ASSIGNMENT:
Print the data below exactly, but only the lines from the one containing "- 10 character" down to the one containing "在两江四岸灯光映衬下,无人机", inclusive.

(Recorded data)

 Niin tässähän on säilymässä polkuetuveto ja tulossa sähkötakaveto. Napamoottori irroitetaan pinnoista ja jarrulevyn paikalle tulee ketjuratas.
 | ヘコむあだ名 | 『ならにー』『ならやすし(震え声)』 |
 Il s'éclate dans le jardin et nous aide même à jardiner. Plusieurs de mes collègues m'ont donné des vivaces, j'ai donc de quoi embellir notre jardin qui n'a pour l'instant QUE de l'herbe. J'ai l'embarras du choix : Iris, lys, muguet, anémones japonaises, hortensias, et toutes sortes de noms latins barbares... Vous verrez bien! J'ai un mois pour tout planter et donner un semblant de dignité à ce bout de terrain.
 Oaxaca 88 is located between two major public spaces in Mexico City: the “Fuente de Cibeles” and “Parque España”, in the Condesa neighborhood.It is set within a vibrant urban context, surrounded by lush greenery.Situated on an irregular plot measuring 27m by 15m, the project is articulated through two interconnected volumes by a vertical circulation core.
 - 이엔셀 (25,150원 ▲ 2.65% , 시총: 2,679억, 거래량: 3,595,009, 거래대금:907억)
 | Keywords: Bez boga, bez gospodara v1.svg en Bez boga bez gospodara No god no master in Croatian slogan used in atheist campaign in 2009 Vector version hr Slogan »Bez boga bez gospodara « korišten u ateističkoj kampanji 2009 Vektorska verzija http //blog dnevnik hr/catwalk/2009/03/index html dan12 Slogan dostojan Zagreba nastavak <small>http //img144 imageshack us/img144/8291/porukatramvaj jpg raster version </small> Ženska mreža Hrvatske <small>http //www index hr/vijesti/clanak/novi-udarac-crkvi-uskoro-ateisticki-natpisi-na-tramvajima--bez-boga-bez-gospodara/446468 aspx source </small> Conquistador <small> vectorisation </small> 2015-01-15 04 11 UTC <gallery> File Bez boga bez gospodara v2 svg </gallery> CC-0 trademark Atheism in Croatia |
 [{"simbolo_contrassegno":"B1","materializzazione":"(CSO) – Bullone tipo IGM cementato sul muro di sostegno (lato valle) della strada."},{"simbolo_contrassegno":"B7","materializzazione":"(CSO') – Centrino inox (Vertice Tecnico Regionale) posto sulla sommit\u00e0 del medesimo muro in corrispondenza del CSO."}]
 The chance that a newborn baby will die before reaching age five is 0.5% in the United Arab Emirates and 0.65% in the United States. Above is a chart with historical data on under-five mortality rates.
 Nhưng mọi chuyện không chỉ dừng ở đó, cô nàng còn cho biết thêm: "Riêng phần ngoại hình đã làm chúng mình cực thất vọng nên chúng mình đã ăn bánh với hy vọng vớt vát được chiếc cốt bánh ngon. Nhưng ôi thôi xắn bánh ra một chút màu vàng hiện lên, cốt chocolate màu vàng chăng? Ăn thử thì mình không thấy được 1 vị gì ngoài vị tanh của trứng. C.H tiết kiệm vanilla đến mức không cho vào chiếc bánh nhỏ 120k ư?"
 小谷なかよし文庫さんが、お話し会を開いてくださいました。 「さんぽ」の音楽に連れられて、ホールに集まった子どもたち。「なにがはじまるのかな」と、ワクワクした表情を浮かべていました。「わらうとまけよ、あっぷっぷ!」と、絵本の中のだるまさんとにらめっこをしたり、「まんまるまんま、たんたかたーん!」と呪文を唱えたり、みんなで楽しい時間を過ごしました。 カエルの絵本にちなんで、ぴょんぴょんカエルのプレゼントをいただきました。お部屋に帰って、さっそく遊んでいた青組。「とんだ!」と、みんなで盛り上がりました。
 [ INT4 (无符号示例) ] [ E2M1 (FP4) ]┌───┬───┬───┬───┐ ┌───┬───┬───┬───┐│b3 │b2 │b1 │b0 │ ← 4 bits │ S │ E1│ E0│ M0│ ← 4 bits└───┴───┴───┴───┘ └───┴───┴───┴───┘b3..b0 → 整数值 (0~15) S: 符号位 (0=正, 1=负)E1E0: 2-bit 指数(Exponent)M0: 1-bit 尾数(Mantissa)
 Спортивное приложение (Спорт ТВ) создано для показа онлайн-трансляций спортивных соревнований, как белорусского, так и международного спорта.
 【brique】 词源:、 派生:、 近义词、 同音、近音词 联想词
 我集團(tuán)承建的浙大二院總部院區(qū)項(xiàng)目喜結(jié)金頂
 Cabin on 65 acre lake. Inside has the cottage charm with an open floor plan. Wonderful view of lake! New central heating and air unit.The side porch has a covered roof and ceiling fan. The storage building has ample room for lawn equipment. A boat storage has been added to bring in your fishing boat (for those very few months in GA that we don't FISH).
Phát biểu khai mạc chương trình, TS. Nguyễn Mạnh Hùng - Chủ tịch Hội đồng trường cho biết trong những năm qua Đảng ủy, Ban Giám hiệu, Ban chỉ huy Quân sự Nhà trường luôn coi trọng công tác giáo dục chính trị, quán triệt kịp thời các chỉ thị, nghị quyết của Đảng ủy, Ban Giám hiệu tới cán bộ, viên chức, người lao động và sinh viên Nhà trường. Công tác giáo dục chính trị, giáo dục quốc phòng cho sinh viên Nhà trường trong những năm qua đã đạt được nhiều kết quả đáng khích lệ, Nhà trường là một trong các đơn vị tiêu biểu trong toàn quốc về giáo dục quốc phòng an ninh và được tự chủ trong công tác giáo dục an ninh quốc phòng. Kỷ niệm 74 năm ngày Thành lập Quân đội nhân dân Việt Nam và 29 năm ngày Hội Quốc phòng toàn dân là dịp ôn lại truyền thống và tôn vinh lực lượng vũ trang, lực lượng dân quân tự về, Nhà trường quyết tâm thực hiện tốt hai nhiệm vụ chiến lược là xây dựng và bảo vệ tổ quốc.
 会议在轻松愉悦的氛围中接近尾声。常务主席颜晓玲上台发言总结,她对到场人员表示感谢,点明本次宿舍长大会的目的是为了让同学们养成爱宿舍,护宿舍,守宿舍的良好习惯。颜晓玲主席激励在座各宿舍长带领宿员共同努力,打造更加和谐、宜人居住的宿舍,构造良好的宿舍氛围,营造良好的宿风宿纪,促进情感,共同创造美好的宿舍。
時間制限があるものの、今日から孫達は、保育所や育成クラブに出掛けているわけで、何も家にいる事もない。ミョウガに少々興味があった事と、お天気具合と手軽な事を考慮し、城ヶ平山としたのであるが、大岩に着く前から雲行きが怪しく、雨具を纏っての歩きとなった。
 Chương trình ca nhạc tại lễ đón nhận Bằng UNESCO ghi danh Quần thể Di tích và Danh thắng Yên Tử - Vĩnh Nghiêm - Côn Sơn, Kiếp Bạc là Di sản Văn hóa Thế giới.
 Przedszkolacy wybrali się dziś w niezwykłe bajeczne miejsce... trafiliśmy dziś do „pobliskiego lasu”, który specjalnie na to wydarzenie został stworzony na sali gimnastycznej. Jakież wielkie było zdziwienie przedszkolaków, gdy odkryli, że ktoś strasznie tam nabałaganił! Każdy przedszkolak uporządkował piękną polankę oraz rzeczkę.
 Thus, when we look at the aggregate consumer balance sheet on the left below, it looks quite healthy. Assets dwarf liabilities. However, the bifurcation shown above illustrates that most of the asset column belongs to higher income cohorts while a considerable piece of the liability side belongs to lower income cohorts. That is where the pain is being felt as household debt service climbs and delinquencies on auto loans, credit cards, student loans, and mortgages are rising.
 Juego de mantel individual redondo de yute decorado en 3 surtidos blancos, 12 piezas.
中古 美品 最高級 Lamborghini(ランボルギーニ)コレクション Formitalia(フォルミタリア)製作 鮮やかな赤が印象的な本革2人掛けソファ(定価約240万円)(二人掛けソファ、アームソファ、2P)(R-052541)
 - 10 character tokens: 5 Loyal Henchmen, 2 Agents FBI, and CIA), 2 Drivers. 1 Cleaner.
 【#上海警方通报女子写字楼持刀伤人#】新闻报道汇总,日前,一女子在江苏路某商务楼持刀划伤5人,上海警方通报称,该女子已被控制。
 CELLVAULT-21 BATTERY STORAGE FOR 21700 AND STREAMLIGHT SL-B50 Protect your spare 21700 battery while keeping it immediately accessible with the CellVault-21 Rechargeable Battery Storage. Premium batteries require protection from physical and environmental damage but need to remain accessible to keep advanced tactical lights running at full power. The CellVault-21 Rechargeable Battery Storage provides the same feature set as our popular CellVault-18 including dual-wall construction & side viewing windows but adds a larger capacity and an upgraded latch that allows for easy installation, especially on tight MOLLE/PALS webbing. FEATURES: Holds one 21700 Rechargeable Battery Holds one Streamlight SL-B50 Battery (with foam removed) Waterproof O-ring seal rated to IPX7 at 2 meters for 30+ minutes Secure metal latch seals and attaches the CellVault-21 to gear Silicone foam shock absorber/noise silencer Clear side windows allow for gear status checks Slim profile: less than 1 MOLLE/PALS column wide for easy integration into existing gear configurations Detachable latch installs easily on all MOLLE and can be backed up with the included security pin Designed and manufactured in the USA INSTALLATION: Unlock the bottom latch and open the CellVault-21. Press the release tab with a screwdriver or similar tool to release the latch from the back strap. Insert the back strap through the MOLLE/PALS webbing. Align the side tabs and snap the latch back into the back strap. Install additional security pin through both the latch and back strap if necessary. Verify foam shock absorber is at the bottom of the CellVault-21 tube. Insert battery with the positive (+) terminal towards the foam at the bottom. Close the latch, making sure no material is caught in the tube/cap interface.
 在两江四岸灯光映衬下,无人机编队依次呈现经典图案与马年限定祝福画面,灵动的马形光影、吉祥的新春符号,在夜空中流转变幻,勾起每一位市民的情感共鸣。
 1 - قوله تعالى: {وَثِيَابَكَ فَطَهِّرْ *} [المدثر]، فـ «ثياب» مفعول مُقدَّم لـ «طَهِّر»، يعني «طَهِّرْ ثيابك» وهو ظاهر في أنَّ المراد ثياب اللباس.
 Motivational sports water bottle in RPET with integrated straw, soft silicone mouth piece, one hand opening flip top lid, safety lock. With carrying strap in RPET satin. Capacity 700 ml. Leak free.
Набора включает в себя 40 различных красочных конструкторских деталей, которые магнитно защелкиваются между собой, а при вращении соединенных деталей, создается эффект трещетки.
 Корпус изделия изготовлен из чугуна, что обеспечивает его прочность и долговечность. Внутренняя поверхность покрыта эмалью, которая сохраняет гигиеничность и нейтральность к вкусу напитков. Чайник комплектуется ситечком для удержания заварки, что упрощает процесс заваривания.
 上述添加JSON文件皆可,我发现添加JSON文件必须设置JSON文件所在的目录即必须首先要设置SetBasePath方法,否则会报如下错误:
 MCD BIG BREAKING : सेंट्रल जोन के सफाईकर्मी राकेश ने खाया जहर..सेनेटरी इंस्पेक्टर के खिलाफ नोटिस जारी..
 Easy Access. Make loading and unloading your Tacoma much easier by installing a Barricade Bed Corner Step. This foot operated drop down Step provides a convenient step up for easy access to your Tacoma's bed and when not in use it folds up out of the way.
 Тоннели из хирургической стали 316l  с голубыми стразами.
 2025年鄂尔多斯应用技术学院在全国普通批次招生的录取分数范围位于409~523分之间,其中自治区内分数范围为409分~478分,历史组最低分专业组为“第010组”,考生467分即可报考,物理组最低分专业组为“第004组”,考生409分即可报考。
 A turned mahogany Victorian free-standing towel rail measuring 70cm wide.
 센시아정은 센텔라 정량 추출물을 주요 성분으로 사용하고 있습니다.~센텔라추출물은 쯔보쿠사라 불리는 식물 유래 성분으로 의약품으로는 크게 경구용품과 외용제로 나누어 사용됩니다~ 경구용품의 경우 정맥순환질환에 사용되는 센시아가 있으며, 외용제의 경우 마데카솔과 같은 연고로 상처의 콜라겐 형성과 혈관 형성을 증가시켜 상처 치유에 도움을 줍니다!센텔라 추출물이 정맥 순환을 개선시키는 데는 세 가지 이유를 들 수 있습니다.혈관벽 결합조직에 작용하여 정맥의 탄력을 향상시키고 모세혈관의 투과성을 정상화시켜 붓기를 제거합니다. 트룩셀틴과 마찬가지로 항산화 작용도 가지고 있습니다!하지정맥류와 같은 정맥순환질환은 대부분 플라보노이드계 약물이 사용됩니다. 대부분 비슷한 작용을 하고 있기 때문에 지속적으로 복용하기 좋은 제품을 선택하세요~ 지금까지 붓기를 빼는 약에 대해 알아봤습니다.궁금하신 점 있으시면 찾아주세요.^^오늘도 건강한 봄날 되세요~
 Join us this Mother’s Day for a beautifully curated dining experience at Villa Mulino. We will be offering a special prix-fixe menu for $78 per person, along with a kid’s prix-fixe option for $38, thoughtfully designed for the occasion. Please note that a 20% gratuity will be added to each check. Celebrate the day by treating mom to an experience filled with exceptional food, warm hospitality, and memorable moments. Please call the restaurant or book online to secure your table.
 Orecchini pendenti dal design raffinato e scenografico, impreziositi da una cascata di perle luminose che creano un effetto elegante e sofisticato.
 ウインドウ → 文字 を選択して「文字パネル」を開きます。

SOLUTION BELOW:
 - 10 character tokens: 5 Loyal Henchmen, 2 Agents FBI, and CIA), 2 Drivers. 1 Cleaner.
 【#上海警方通报女子写字楼持刀伤人#】新闻报道汇总,日前,一女子在江苏路某商务楼持刀划伤5人,上海警方通报称,该女子已被控制。
 CELLVAULT-21 BATTERY STORAGE FOR 21700 AND STREAMLIGHT SL-B50 Protect your spare 21700 battery while keeping it immediately accessible with the CellVault-21 Rechargeable Battery Storage. Premium batteries require protection from physical and environmental damage but need to remain accessible to keep advanced tactical lights running at full power. The CellVault-21 Rechargeable Battery Storage provides the same feature set as our popular CellVault-18 including dual-wall construction & side viewing windows but adds a larger capacity and an upgraded latch that allows for easy installation, especially on tight MOLLE/PALS webbing. FEATURES: Holds one 21700 Rechargeable Battery Holds one Streamlight SL-B50 Battery (with foam removed) Waterproof O-ring seal rated to IPX7 at 2 meters for 30+ minutes Secure metal latch seals and attaches the CellVault-21 to gear Silicone foam shock absorber/noise silencer Clear side windows allow for gear status checks Slim profile: less than 1 MOLLE/PALS column wide for easy integration into existing gear configurations Detachable latch installs easily on all MOLLE and can be backed up with the included security pin Designed and manufactured in the USA INSTALLATION: Unlock the bottom latch and open the CellVault-21. Press the release tab with a screwdriver or similar tool to release the latch from the back strap. Insert the back strap through the MOLLE/PALS webbing. Align the side tabs and snap the latch back into the back strap. Install additional security pin through both the latch and back strap if necessary. Verify foam shock absorber is at the bottom of the CellVault-21 tube. Insert battery with the positive (+) terminal towards the foam at the bottom. Close the latch, making sure no material is caught in the tube/cap interface.
 在两江四岸灯光映衬下,无人机编队依次呈现经典图案与马年限定祝福画面,灵动的马形光影、吉祥的新春符号,在夜空中流转变幻,勾起每一位市民的情感共鸣。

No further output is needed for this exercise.